Turning neutral on the stock

Investment Thesis: 

Protracted backwardation in crude oil/oil product market will erode profitability. Improving crude oil demand and concerns of supply disruption amid sanctions on Russia, the world’s second largest exporter of crude oil, drove backwardation in the crude oil market to the steepest level since 2004. We believe that the crude oil/oil product market will remain tight for some time, making it challenging for the group’s trading operations.
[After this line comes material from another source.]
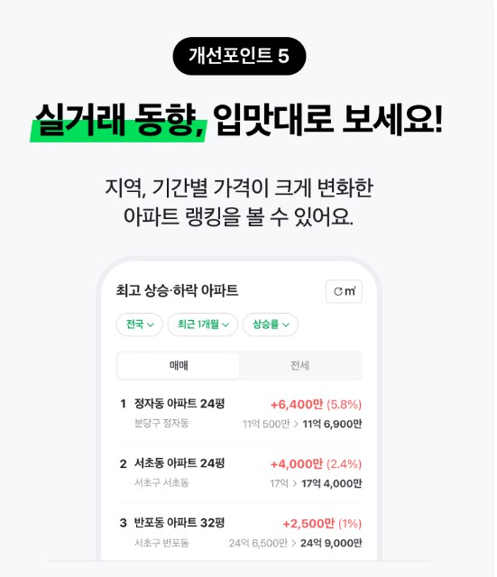 네이버부동산의 인기 매물 순위를 통해 다른 사용자들이 많이 찾는 매물을 확인하고, 시장의 트렌드를 쉽게 파악할 수 있습니다.
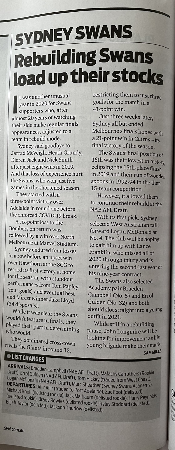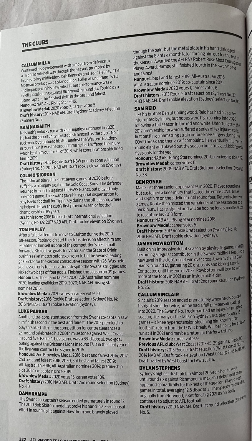 In July 2020 I began contributing to the AFL Record. West Coast vs Collingwood Elimination Final reviewMoment by Moment: The 2020 AFL Grand FinalAFL Season Guide: CollingwoodAFL Season Guide: Sydney Swans Like Loading...

Delayed reopening of China’s international market will be a drag on earnings. CAO’s key associate, Shanghai Pudong International Airport, which typically accounts for more than half of its earnings, is highly dependent on international traffic. Hence, the sluggish relaxation of international border controls will likely impede SPIA’s earnings recovery. 
Substantial net cash position, but no clear path to enhancing shareholder returns. CAO had net cash of US$401m as of December 2021, representing S$0.63 per share. Though CAO’s net cash position is substantial, we are doubtful on the group’s ability to put that capital to work in a manner that would drive shareholder returns. 

Valuation:

Our TP of S$0.85 is based on 11.0x FY22F earnings, which is at +1.0 standard deviation above its five-year mean.

Where we differ:

Our forecasts for FY22/23F are lower than the consensus, as we are less bullish on the recovery trajectory for CAO and its key associate SPIA.

Key Risks to Our View:

Sustained weaker demand for international air travel would negatively impact CAO’s revenue and earnings. A sharp drop in oil prices would lead to mark-to-market losses for its key associate SPIA, which would impact its contribution to CAO.